Inspired by light festivals around the globe, the Portland Winter Light Festival is an annual event, taking place during the first days of February by the Oregon Museum of Science and Industry. It is designed to celebrate the spirit of winter and warmth of community; using light, color, artistry, performance, and imagination, this festival wants to bring people together during a time of year typically reserved for the indoors, and is centered on innovation as the result of the collaboration between art and science.

=== Winter Light Festival of Gaithersburg (Maryland) – U.S.A. ===
Organized since 1995, a festival takes place in the Seneca Creek State Park of Gaithersburg.
During this one-month event (from November 27 to December 31), people can drive with their families or in group, through a 3,5 miles path of light displays, experiencing a peculiar night journey in the park. The show consists in a total of 365 light displays, of all kinds, 65 of which are animated. Among these, the most peculiar are a 4 feet tall castle, unicorns, Christmas trees and typical Christmas sweets, and ducks floating on the lake of the park. As this festival celebrate the winter, all the installations are linked to this topic and they are sort of divided into four main categories: the North Pole, the Teddy Bear land, the Toyland, the Penguin Cave.

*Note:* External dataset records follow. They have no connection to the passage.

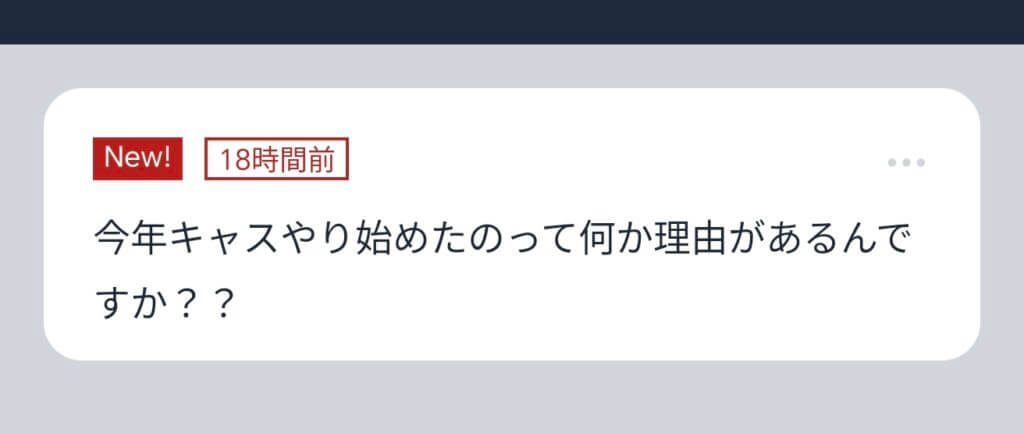 なんでキャス始めたのーって質問が来た時の回答日記ですね。懐かしい。 ↓↓↓ 質問ありがとうございます。自戒の意味も込めて日記で回答します。 質問:今年キャスやり始めたのって何か理由があるんですか?? 回答:ありますあります、ありますよ~。 まず、入店してキャスを知った時からずっとやりたいとは思ってたんです。キャスやってたらな...
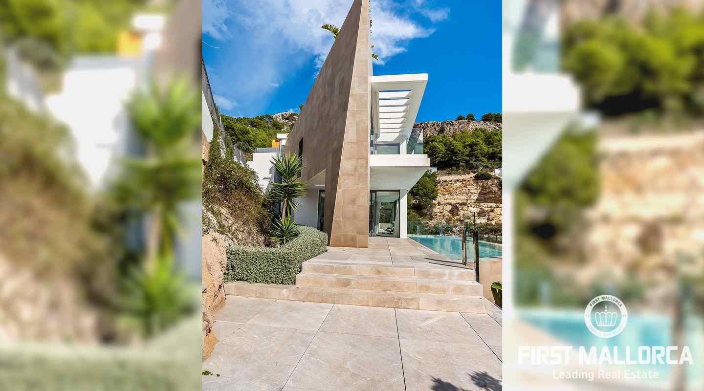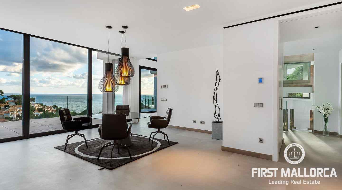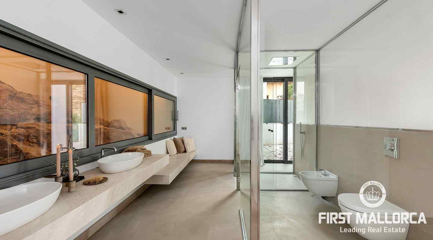 Denna ultramoderna, prestigefyllda villa ligger på ett absolut toppläge på solsidan i Canyamel. På tre våningar finns totalt tre sovrum, fem badrum, ett rymligt vardagsrum, en separat matsal med öppet kök, ett fitnessrum och en hemmabio. Från alla rum i denna exceptionella fastighet har du en fantastisk och fri utsikt över havet och det vackra bergslandskapet runt Canyamel. Den stora poolen och den täckta terrassen med öppen spis bjuder in till avkoppling. Både på sommaren och vintern. Den berömda stranden Canyamel ligger bara några minuter bort. Detsamma gäller golfbanan och de välkända restaurangerna i byn.
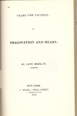 Cooper must have noticed well before 1838 that his list of worthy authors included only women. Ironically, in a century when women sought the disguise of a male pseudonym as the key to success, Cooper chose to go female in his first three attempts at literature. Fifteen was first, lavishly (and over-optimistically) advertised as being from the pen “of a Lady,” and when it finally debuted two years later, the title page attributed the Tales to “Jane Morgan.” It was not until the reprint of this little volume in 1841, after he was too well established to be questioned as a writer, that Cooper confessed his authorship of it.
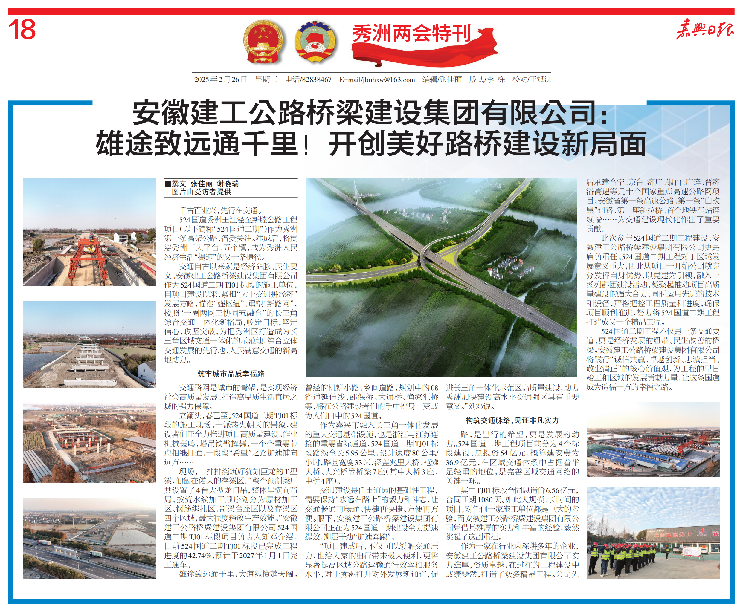 【名媒聚焦】嘉興日報:安徽建工公路橋梁建設(shè)集團(tuán)有限公司——雄途致遠(yuǎn)通大道!開創(chuàng)美好建工路橋建設(shè)新局面
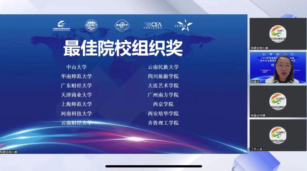 2022年11月18-20日,由中国国际贸易促进委员会商业行业分会、中国国际商会商业行业商会、中国会展经济研究会和中国商业经济学会共同主办的2022年全国高校商业精英挑战赛商务会奖旅游策划竞赛全国总决赛在腾讯会议平台成功举办。经过初赛激烈角逐,此次总决赛共有来自中山大学、华南师范大学等全国20多个省40余所高校的百余支队伍入围,线上参赛规模800余人,竞争异常激烈。
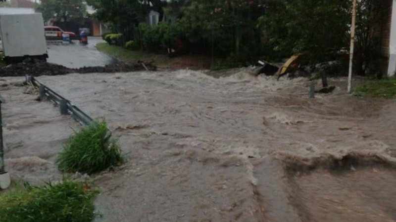 Debido a las intensas lluvias, el agua comenzó a correr con fuerza por el arroyo Antoñico, sobrepasó el nivel de la cinta asfáltica y arrastró a la máquina vial.
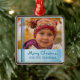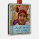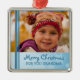 Personalizable del ornamento de la abuela de las Felices Navidad con su propia foto de familia en copos de nieve y modelo festivos azules claros elegantes de las rayas. Un regalo elegante del navidad para la abuela estas vacaciones.
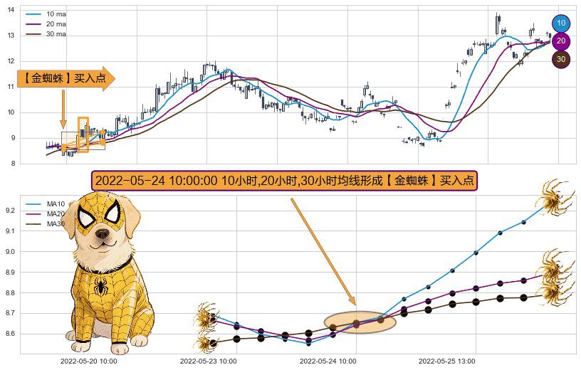 ⚀ 2022-05-24 10:00:00小时显现 10小时-20小时-30小时均线 【金蜘蛛】买入点 看多信号,后市看涨,买入
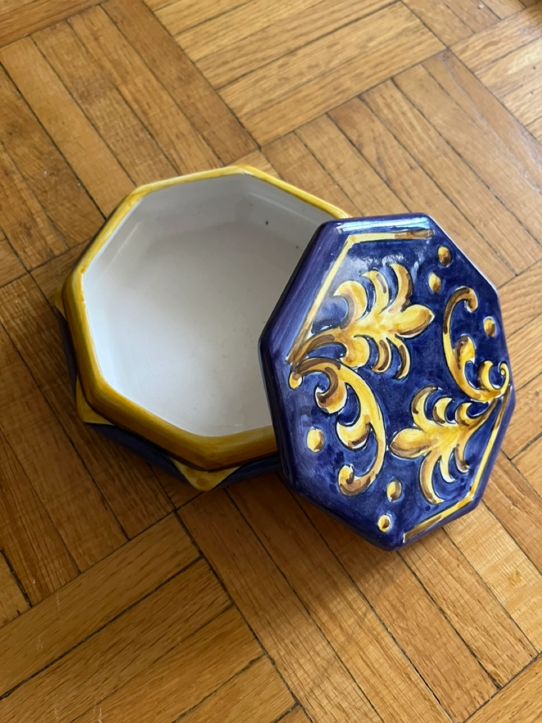 Octagonal Jewelry Box, Blue and Gold Floral Design

=== Magical Winter Light Festival of Houston (Texas) – U.S.A. ===
Open from 13 December to 10 January (in the edition of 2015), this holiday festival wants to be a celebration of holiday, and all different cultures through lights. This annual event is strongly based on the Chinese traditional lantern celebration: all installations are huge lanterns with different shapes and colours that create a sort of travel around the world participants can enjoy with their families and friends.
During this celebration, there are also carnival rides, games, cultural and traditional performances (the Chinese acrobatic team), fusion cuisine, and live music.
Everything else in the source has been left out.